Boosted diesel engine test system.

The single cylinder machine adopts intake and exhaust double top camshaft valve mechanism. The intake valve lift curve is shown in Figure 2. The valve has a clearance of 0.5 mm and the actual valve lift is 8 mm. The exhaust valve phase remains unchanged during the test. By replacing the intake camshaft of the Pi contour line, the Miller intake phase is realized by delaying the IVC phase while keeping the intake opening phase unchanged. The original IVC phase is 70°CA after BDC, and the other two Miller intake phases are 110°CA and 120°CA after BDC, respectively, marked as Base cam, LIVC cam, and DLIVC cam.

Figure 2.

Valve lift profiles for different camshafts.

In order to explore the effect of Miller cycle on combustion and gas exchange process of high strength diesel engine, the experiment was carried out at the speed of 3800 r/min and the average effective pressure was 26 bar. In order to keep the output power unchanged, the injection pressure was fixed at 180 MPa, and the excess air coefficient was maintained at around 1.7 by adjusting the inlet pressure to compensate for the change of air intake caused by Miller phase. At this phase, the injection pulse width and the injection advanced angle were adjusted.

Results and analysis

Effects of LIVC and DLIVC on Miller loss

The compression process of the ideal cycle of the internal combustion engine is an adiabatic compression process. However, due to the late closing of the inlet valve, the compression curve will deviate from the adiabatic process and form the compression loss. In the Miller cycle with late closing of the intake valve, the compression loss caused by the significant delay in the compression starting point cannot be ignored. The deviation between the actual compression line from the stop point to the IVC phase and the adiabatic compression line reaching the same cylinder pressure is defined as Miller loss, which can be calculated according to the following formula (1).

W_{M} = \int_{V_{d}}^{V_{i v c}} [p (V) - p_{s} (V)] • d V

(1)

Where, $W_{M}$ is Miller’s loss work, $V_{d}$ is the cylinder volume at the phase when the piston is at the stop point, $V_{IVC}$ is the cylinder volume at the IVC phase, $P (V)$ is the actual cylinder pressure under different cylinder volumes, P_s(V) is the cylinder pressure adiabatic compression under different cylinder volumes, $V$ is the working volume of the cylinder.

Figure 3 below shows the pressure-volume (P-V) curves at the initial stage of compression at different IVC phases. The three dashed lines in the Figure 3 are the ideal adiabatic compression lines of cylinder pressure at different IVC phases. It is obvious from the diagram that with the delay of IVC phase, the gap between the actual cylinder pressure line and the ideal adiabatic compression line is increasing, that is, the Miller loss increases.

Figure 3.

P-V curves at different IVC timings during initial compression.

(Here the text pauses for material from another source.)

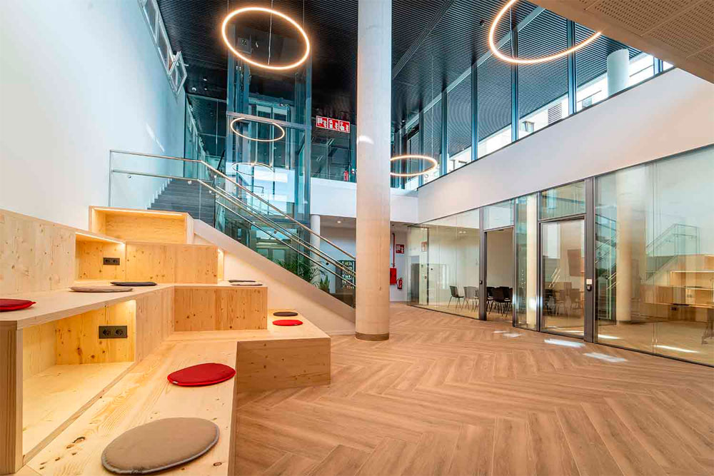 Además de la Oficina de Atención a la persona Emprendedora, el edificio cuenta en sus zonas comunes con cuatro despachos profesionales, zona de coworking salas de formación, auditorio y un espacio para reuniones y eventos. En las plantas superiores se distribuyen 70 apartamentos de superficies comprendidas entre 25 m² y 45 m², destinados a alojar personalmente a personas vinculadas con el ámbito de la innovación y de los que 12 están reservados a jóvenes donostiarras.
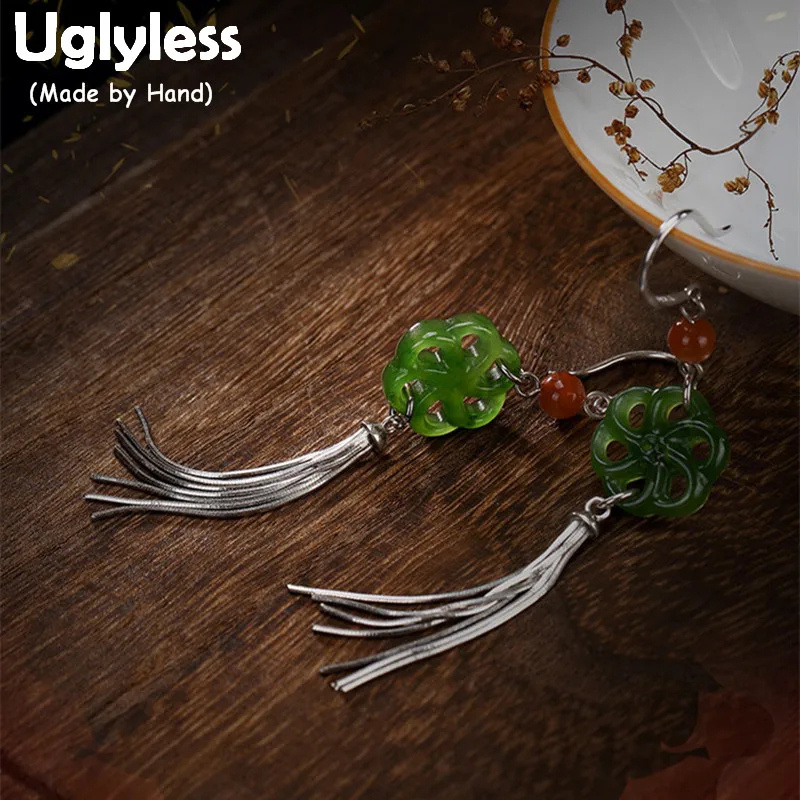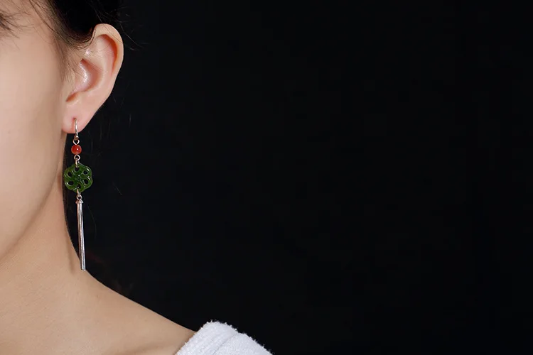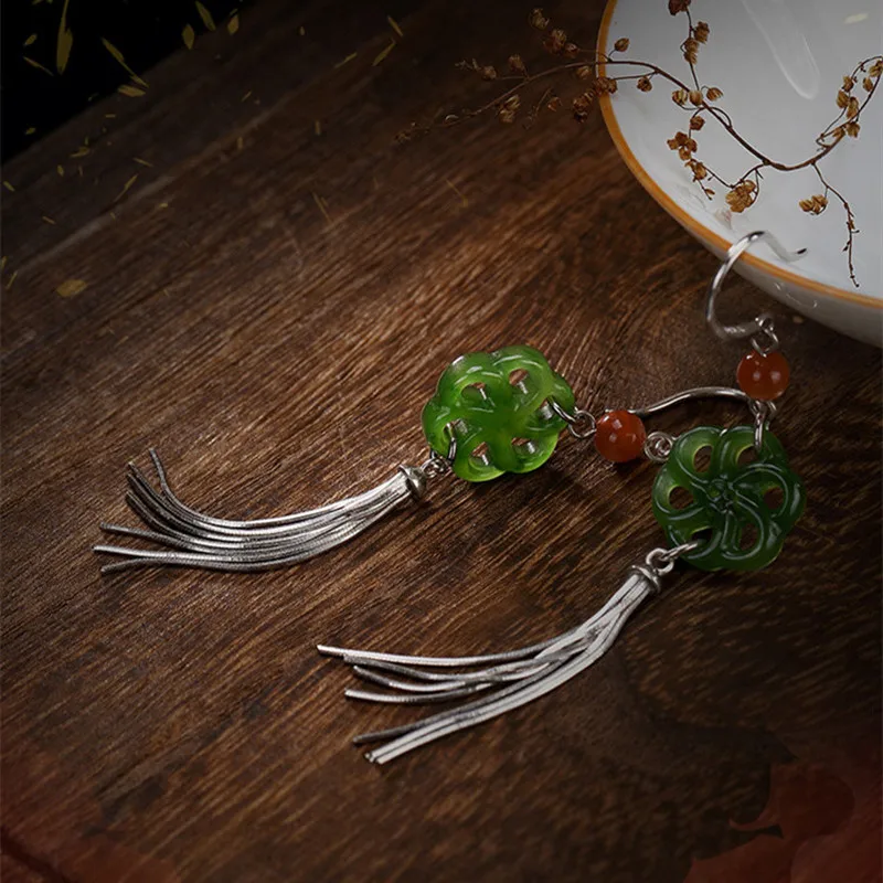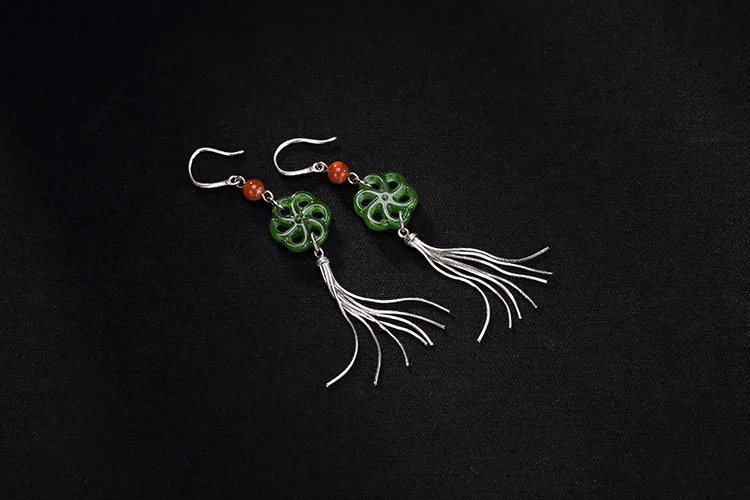 Real 925 Sterling Silver Natural Jade Plum Flower Women Earrings Ethnic Tassel Brincos Beads Fine Bijoux Jasper Jewelry

The Miller loss work and its proportion to the cycle indicator work calculated according to the cylinder pressure indicator diagram measured by the experiment are shown in Figure 4. It can be seen from the diagram that the Miller loss power increases with the delay of the IVC phase, and the proportion of Miller loss power relative to the indicator power increases as the cyclic indicator power remains unchanged in this experiment. When the case of Base is 70°CA before the termination point, Miller’s lost power is 0.19% of the cycle indicator power. When the case of DLIVC is delayed to 120°CA before the termination point, Miller‘s lost power is 12.7 times of the cycle indicator power, 2.55% of the cycle indicator power.

Figure 4.

Miller loss work and its percentage over the indicated cycle work.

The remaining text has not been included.